そのため、弁護士を立てて訴訟を起こした場合には弁護士だけが出廷し、被害者ご自身は出廷しないということが多いです。
ただし尋問の日は、被害者ご自身が裁判官からの質問に答えることになるため、出廷する必要があります。
また、判決が出る日には被害者ご自身も弁護士も出廷しないことが多いです。
判決の言渡しでは判決だけが読まれ理由は読まれませんし、出廷してもその日のうちに判決書を受け取れるわけではないからです。
判決自体は判決言い渡しの後に裁判所に電話すれば教えてもらえます。
そして後日、弁護士が裁判所に判決謄本をとりに行くか、裁判所から送付されるかすることになります。
民事裁判の注意点②費用の負担
裁判にかかる費用は、まずは裁判を起こした側が負担し、その後敗訴した側が負担することになります。
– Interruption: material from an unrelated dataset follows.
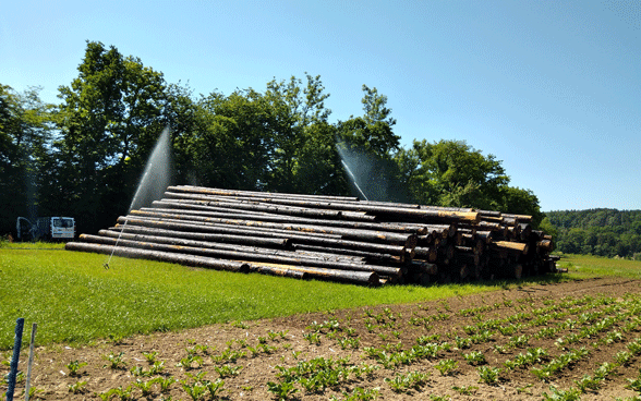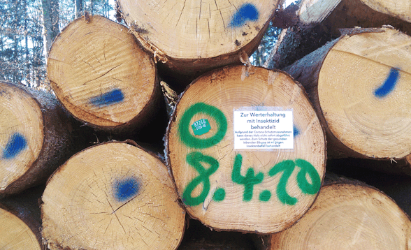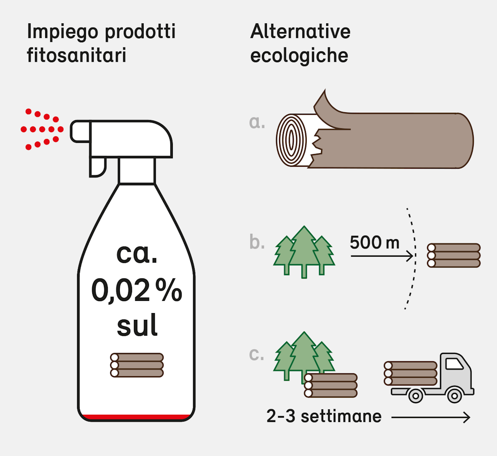Il legno che non può essere prelevato rapidamente dal bosco è occasionalmente trattato con insetticidi al fine di prevenire un’infestazione da coleotteri e quindi un deprezzamento. Di fatto, la legge forestale vieta in linea di principio l’utilizzo di prodotti fitosanitari nei boschi. Tuttavia, sono previste anche delle deroghe, disciplinate nell’ordinanza sulla riduzione dei rischi inerenti ai prodotti chimici e che le autorità cantonali devono autorizzare.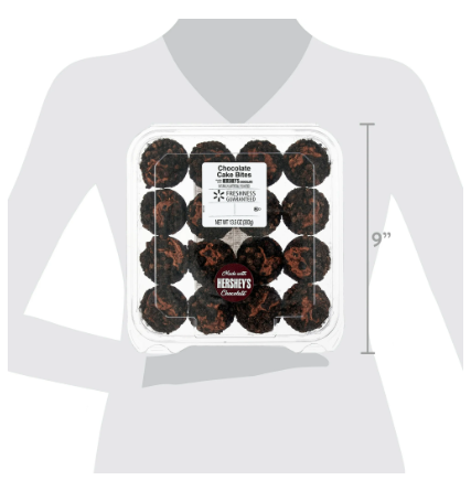 Freshness Guaranteed Chocolate Cake Bites deliver a superb flavor right to you in the form of a nifty bite-sized snack. Each of the mini chocolate treats contains a rich batter made with Hershey's chocolate, and are topped with a delicious chocolate crumb streusel. This pack of 16 little treats pairs perfectly with a hot cappuccino as a sweet and delicious way to start your day, or pair them with a cold glass of milk to have as your go-to snack in the evening. Share something mouth-watering with your friends or your whole family with the Freshness Guaranteed Chocolate Cake Bites.

勝訴すれば裁判費用は加害者側に負担してもらえますが、敗訴したときにはたとえ被害者であっても裁判費用を負担しなければならないということです。
民事裁判の注意点③弁護士の有無
民事裁判は、弁護士を立てなくても行うことができます。
しかし、
- 敗訴すれば裁判費用を負担することになる
- 民事裁判になった場合には加害者も弁護士を立てる可能性がある
ということから、弁護士を立てる方が良いかと思われます。
まとめ|交通事故の民事裁判
ここまで、交通事故の民事裁判についてご紹介してきました。
民事裁判を検討するうえで特に意識しておくべきことは、以下の通りです。
ポイント
- 民事裁判での主張は、主に書類を通して行う
- 交通事故の被害者であっても敗訴する可能性がある
- 敗訴した場合は、たとえ交通事故の被害者でも裁判費用を負担しなければならない
- 民事裁判を行う場合は、弁護士を立てておいた方が安心
示談交渉でも話がまとまらない、加害者側が示談に応じようとしないという場合には、民事裁判を検討するのも一つの手です。
とはいえ、民事裁判は普段の生活ではあまり関わることがないと思いますので、参考程度にでも一度弁護士に相談しておくと安心かと思います。
交通事故の民事裁判についてのQ&A
民事裁判とは?
民事裁判は、個人と個人の争いや、個人と法人の争い、法人と法人の争いといった、私人同士の争いを解決するためのものです。判決の内容は、賠償金や相続金の金額などです。訴えられた被告人が無罪か有罪か、有罪ならどんな刑罰を与えるかを決める刑事事件とはこの点で異なります。
民事裁判にかかる費用は?
民事裁判を起こすためには、郵便料と申立手数料が必要です。郵便料は裁判所によって異なり、申立手数料は訴額(加害者に対して請求する金額)によって異なります。
民事裁判の流れは?
民事裁判の流れは、① 訴状の提出、② 第一回口頭弁論期日の指定、③ 口頭弁論、④ 和解勧告、⑤ 尋問、⑥ 判決となっています。④ の和解勧告を受け入れた場合は、尋問や判決までは行われません。